何かたまらず書いておきたくって。ネタバレです・・


・冒頭、平さんの台詞が延々続く。前後の意味の脈絡は全然なかったりするのだけれど、そのリズミカルな台詞回しがまるで音楽のよう。音楽史の正統な帰結として今は現代音楽が位置付けられていることを連想した。でも、本当に名手のピアノ曲のように聞こえて、つい何度か聞いたら、自分も憶えられるのではないかと勘違いしてしまうくらいだった。

・その上、平さんの立ち方が大変カッコいい。ちょっとはすかいにすっくと立つとき、まるでそこにスポットライトがあたっているかのよう。アリダの窪田くんは勿論、登場場面以外のお甲の大空さんでさえ、そうではない。でも、その立ち方の違いは、それぞれの立場(役どころ)の違いのようなもののように感じる。

・そんな風に、平さんの銀メガネは知的でエレガントでスケベでずる賢く、明治か江戸と昭和と平成を行ったり来たりも自由自在なのに、個性を与えられず役割しか与えられないというパンフレットのご本人のお言葉がとても腑に落ちるほど、戦後から今までの時代の世間、少しイヤな言い方をすれば正統な男世界を体現してるようにも思えた。

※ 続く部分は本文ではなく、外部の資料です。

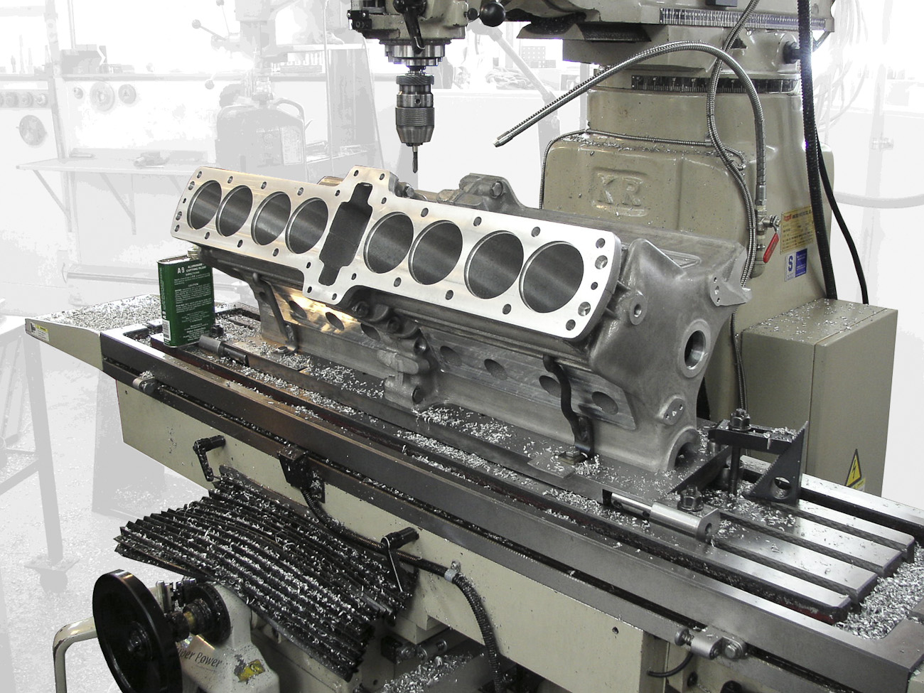 From the client work-in-progress image archive a staff member shot this photo of a crankshaft made from billet steel for an Aston Martin DB6 engine by the firm’s machine shop technicians.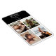 Introducing our Custom Photo Collage Magnet, where you curate a unique timepiece to complement your decor. This design showcases a sleek grid-style collage, accommodating four cherished photos, your name, and an inspiring slogan. Insert your images clockwise from the top left effortlessly, thanks to the thoughtfully arranged template. Against a sophisticated black backdrop with crisp white lettering, this magnet exudes timeless elegance. Transform your space with our personalised magnet and showcase your memories in style!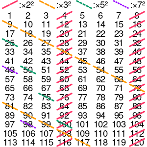 Square-free integers up to 120 remain after eliminating multiples of squares of primes up to √120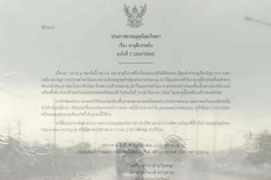 อุตุฯ เตือนฉบับ 2 พายุดีเปรสชัน ทวีกำลังแรงขึ้น ฝนตกหนักหลายพื้นที่ 18-20 ก.ย. 68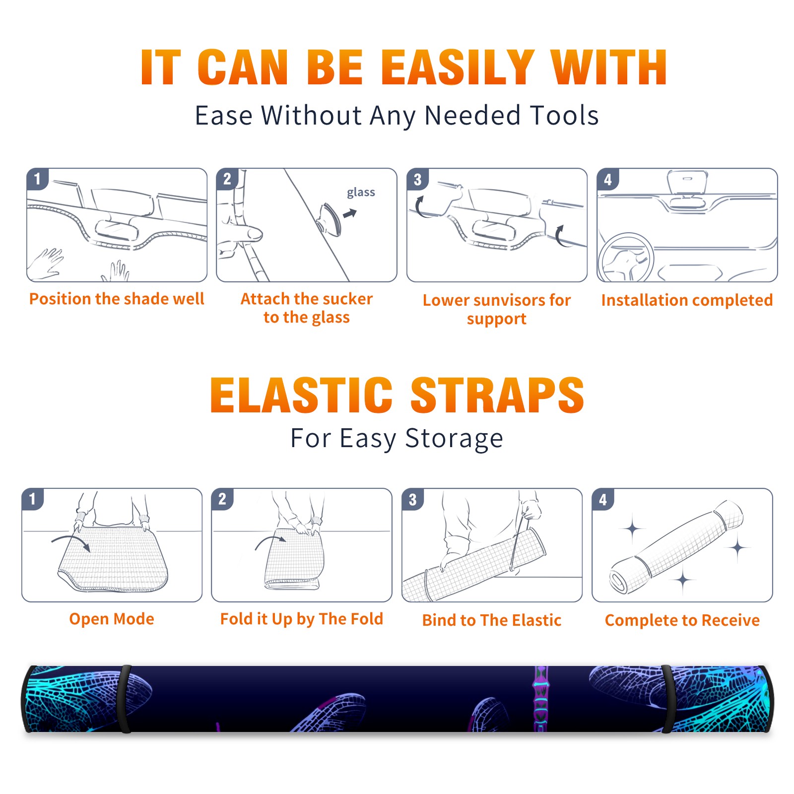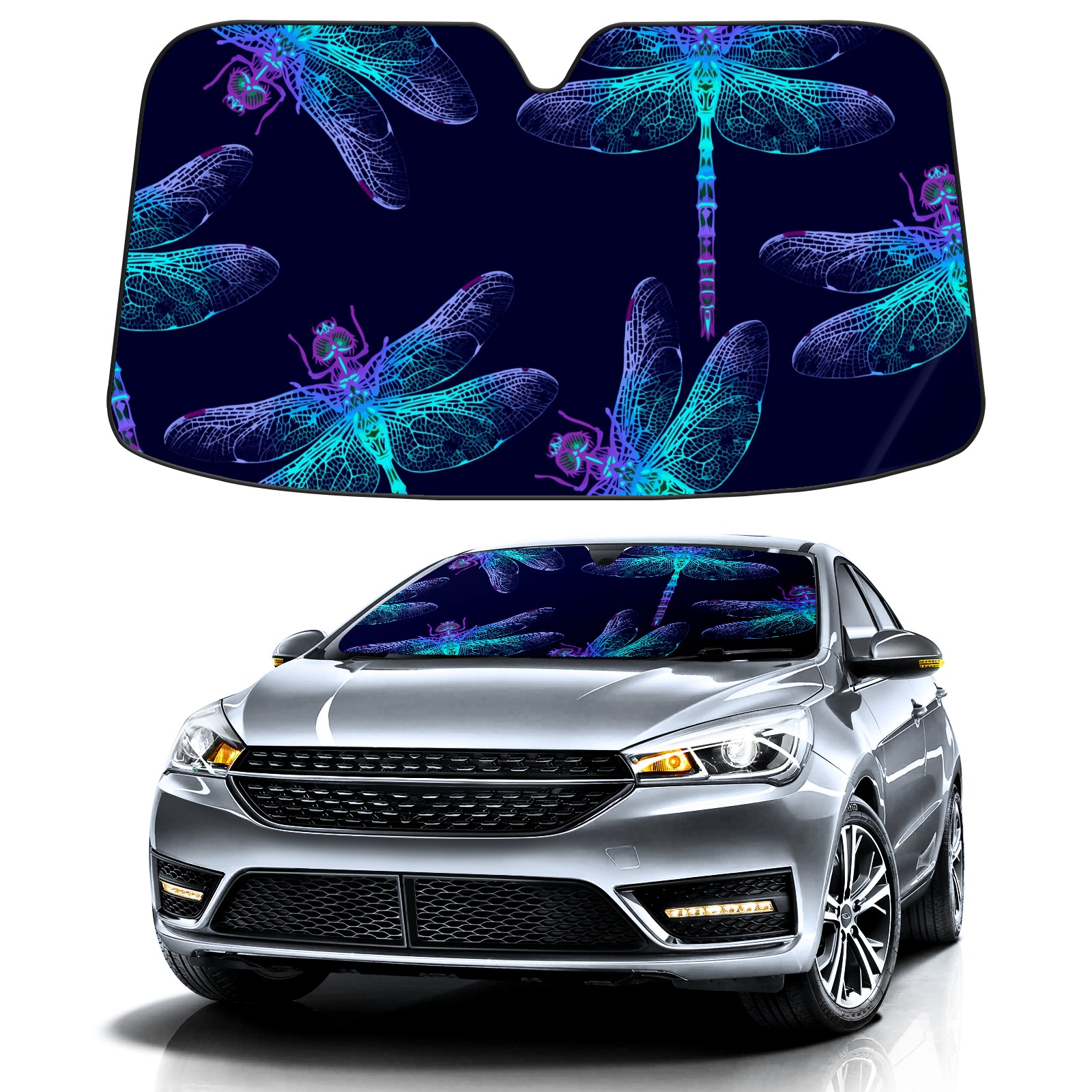 Car Windshield Sun Shade For Front Window Dragonfly On Dark Blue Background Foldable Vehicle Windshield Car Sun Visor Covers Automotive Window Protector Car Camping Privacy Sun Blocker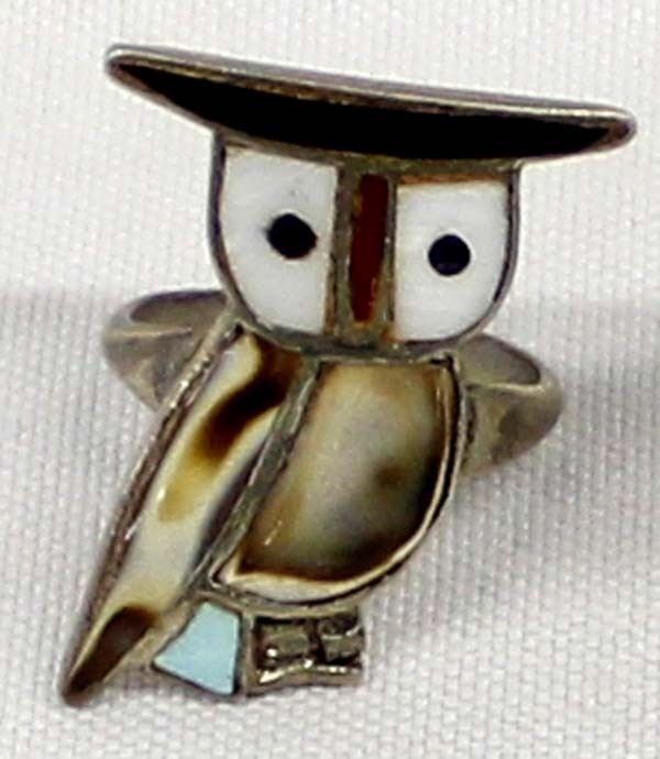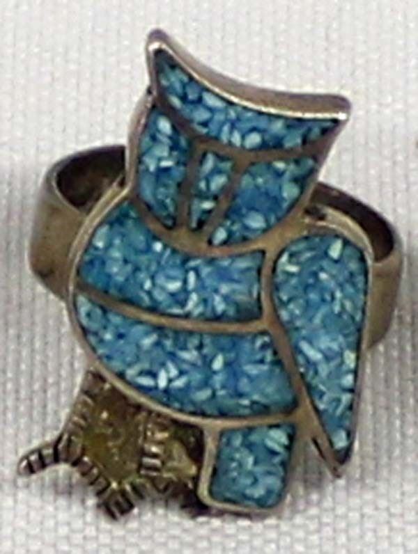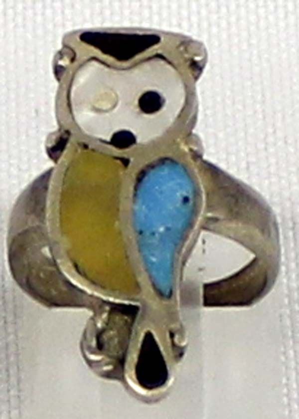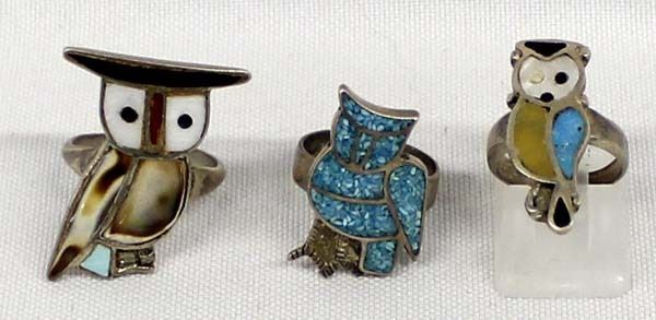 3 Native American Sterling Silver Owl Rings, largest is a size 7.5, includes Zuni Inlay, Navajo Chip Inlay Turquoise, and Navajo Inlay (missing eye), longest measures 1.25''L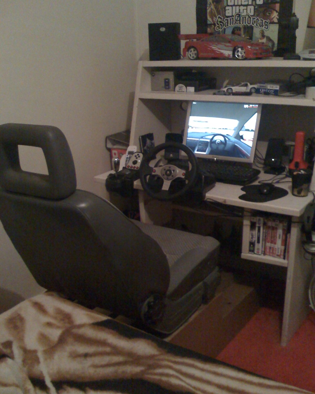 i have a cockpit half built, i have butchered a old wooden Arcade game housing and laid it down - perfect base for a cockpit!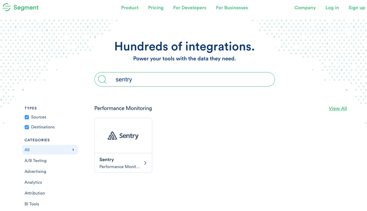 Segment can help collect all your client-side data for Sentry automatically without the need to install Sentry's client library. Enable Sentry in your Segment settings to asynchronously load Raven.js onto your page without touching the code in your application.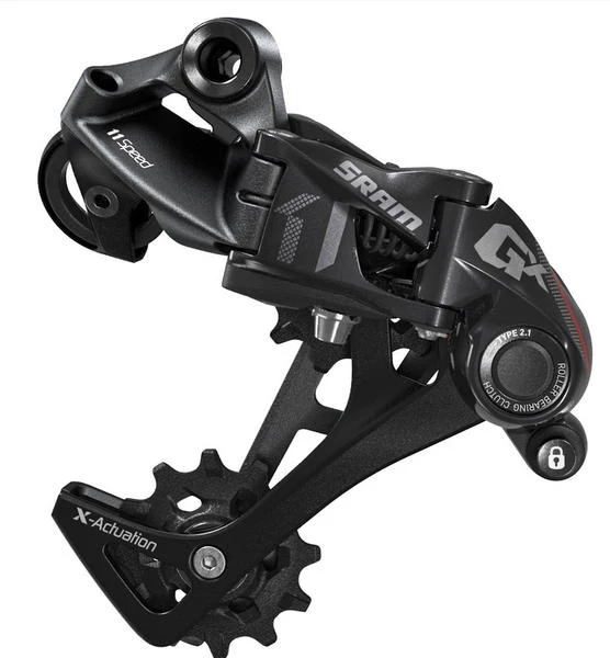 SRAM’s GX 1×11 X-Horizon rear derailleur is engineered for smooth, reliable shifting action—from the larger upper pulley offset to the 12-tooth X-Sync pulley wheels. By eliminating unwanted chain movement, this X-Horizon rear derailleur shifts faster, puts an end to ghost shifting, and reduces shift force and chain slap. And with Cage Lock technology, wheel removal and installation are easier than ever.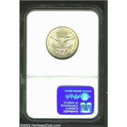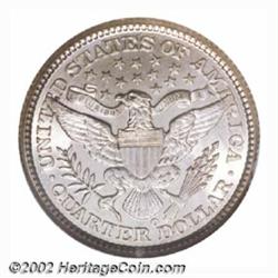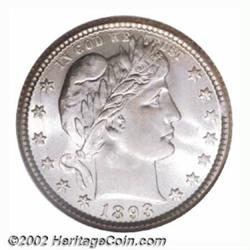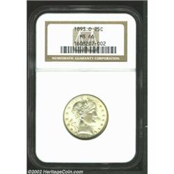 1893-O 25C MS66 NGC. There is a wide variance in striking definition on 1893-O Quarters. Some are well brought up, such as this piece, and others are, well let's just say, not quite as nice. The mint luster on this coin is exceptional and frosted in nature, more suggestive of an S-mint than a coin from New Orleans. The surfaces are smooth and almost free of abrasions, and the mint brilliance is surrounded by a ring of pale golden over the denticles on each side. Population: 5 in 66, 4 finer (7/02). Important notice: We expect to be auctioning lots at the rate of 200-250 per hour. Sometimes eBay Premier live bid software cannot keep up with that pace, so we strongly recommend that you place a realistic proxy bid now as insurance to avoid disappointment. Also please note that all Heritage/CAA lots purchased through eBay Premier carry a 20% Buyer's Premium. Please make sure you read the Terms and Conditions.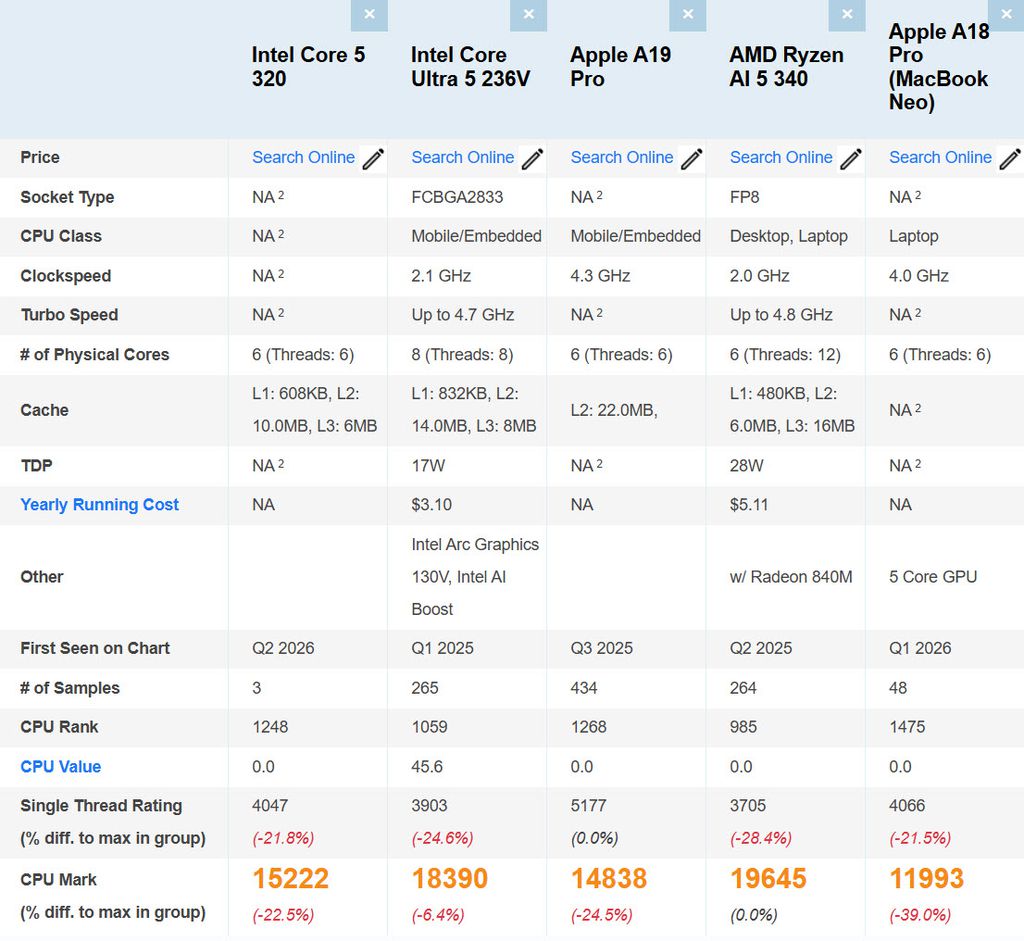 A Intel revelou recentemente novos processadores com foco em eficiência para notebooks. Chamados de Core Series 3 (Wildcat Lake), a série visa o lugar que o MacBook Neo tem ocupado. Um teste feito no PassMark com o Core 5 320 mostra que a CPU do Time Azul é 27% mais rápido em multi-thread, mesmo tendo a mesma quantidade de núcleos do chip do notebook da Apple, e empata em single-thread.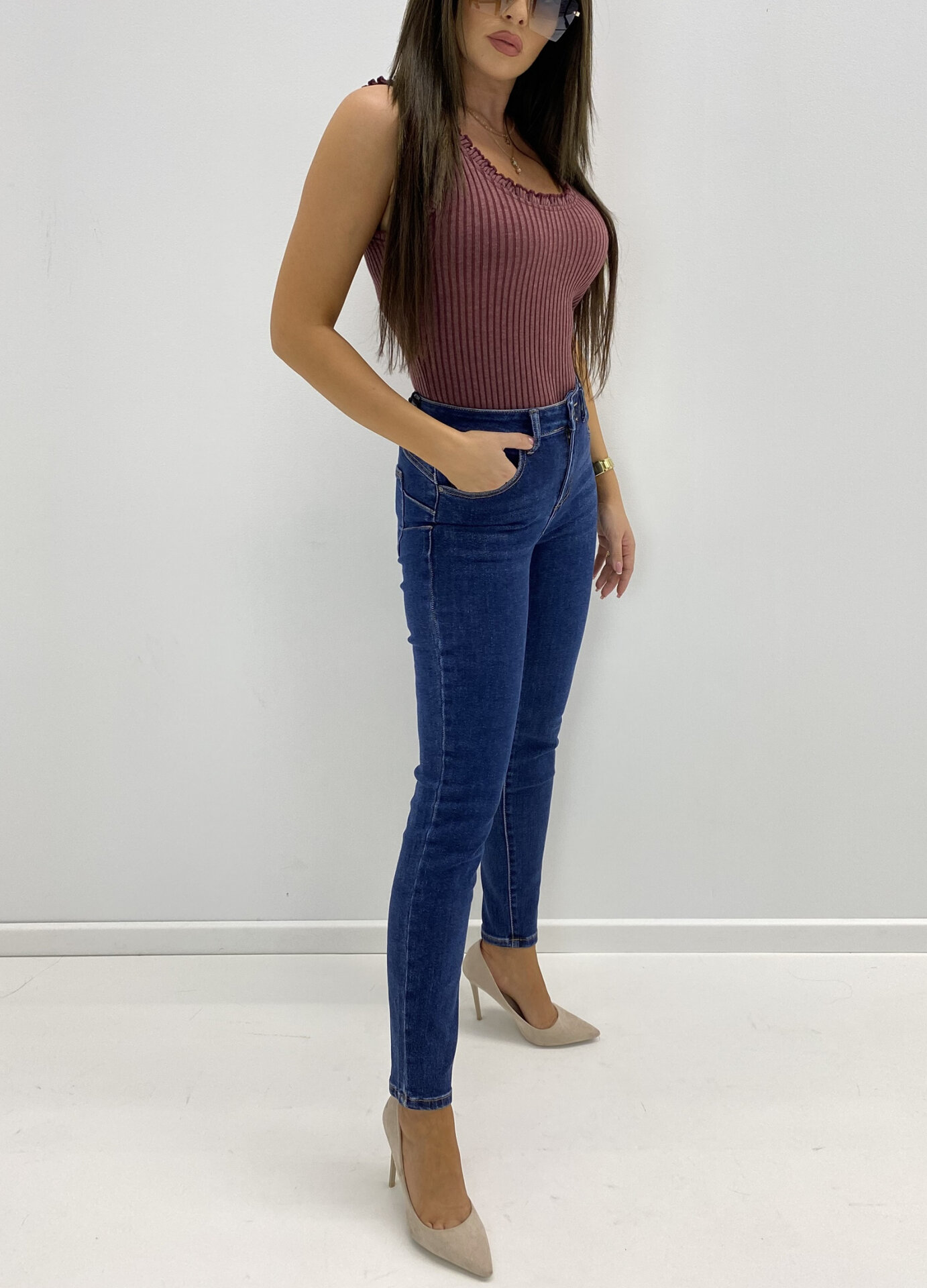 Dámske rifle klasického rovného strihu v tmavomodrej farbe. Rifle so zapínaním na gombík aj zips, s vreckami.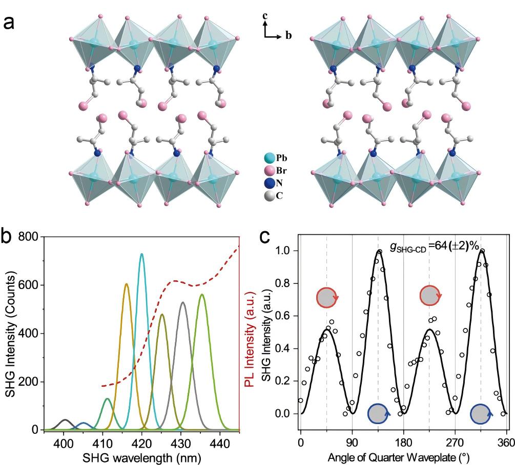 该课题组研究了具有光学手性结构的(R/S-BrsBA)₂PbBr₄(BrsBA为4-溴-2-丁基铵)单晶(图1a)。利用自主搭建的偏振调控SHG测量系统,发现这种类型单晶因为其结构手性引发的波长依赖的高偏振SHG信号(图1b);在圆偏振入射光下,该晶体的SHG强度展现出随入射光圆偏振度的高灵敏响应,且gSHG-CD值在带边以下展现出异常的增强现象,最高达0.64(图1c)。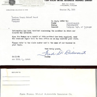 - October 30 1952 Farm Bureau Mutual Insurance claim CA-9-2001-141 - Fred D Dilworth - return envelope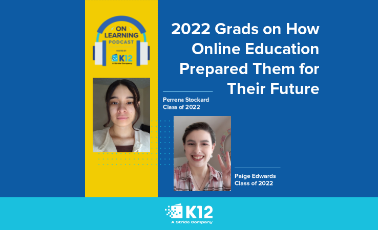 In this podcast episode of “K12 On Learning,” you will hear from two high school graduates… Perrena Stockard, a graduating senior from Indiana Digital Learning School, and Paige Edwards, a graduating senior from Destinations Career Academy in Oregon. Paige Edwards is also a member of the Stride Student Advisory Council. Both graduates are addressing their peers at their own school’s graduation ceremony, and both of them have a lot to say about their online education. Listen now!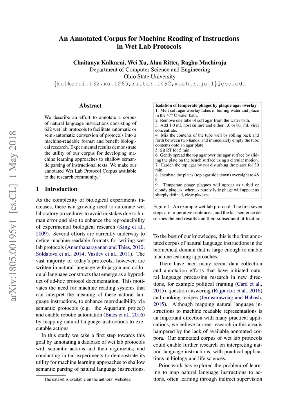 An Annotated Corpus for Machine Reading of Instructions in Wet Lab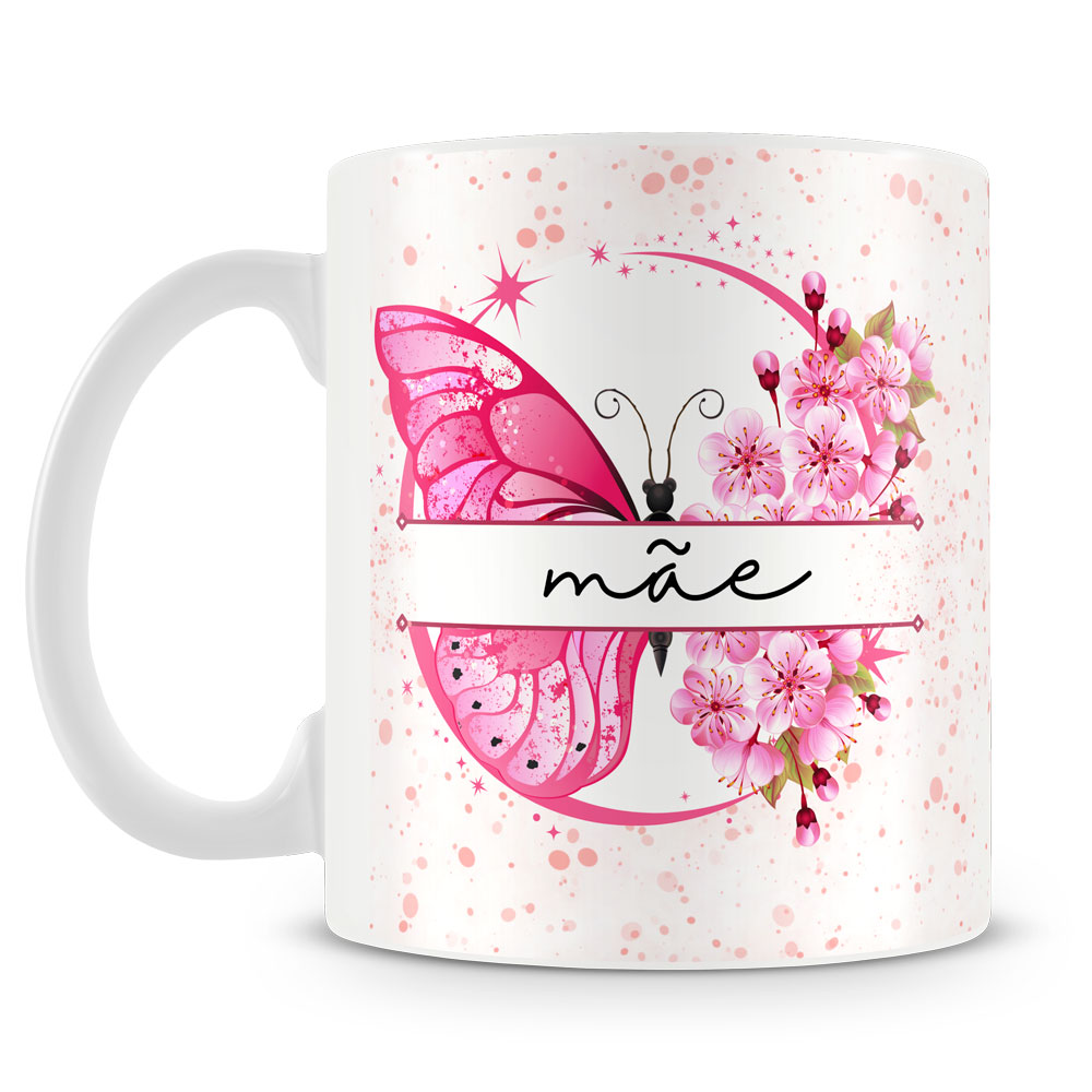 Caneca personalizada de porcelana de alto brilho, interior e alça branca com linda frase para mães.

・そんな人間の帰結をこともあろうに、というか、だからこそ、今年80歳の男が演じる。同世代の男が背負うべき責任やら顛末やらをきちんと背負わせるのは、きっとほぼ同世代の蜷川幸雄が自分たちをまな板の上に乗せたい、乗せなければならないと言ってる気がするのだ。今回の滝の白糸は、私には、素朴なイデオロギーの匂いがする。それはアングラの原点の原点とも言うべき匂いな気がしているのだ。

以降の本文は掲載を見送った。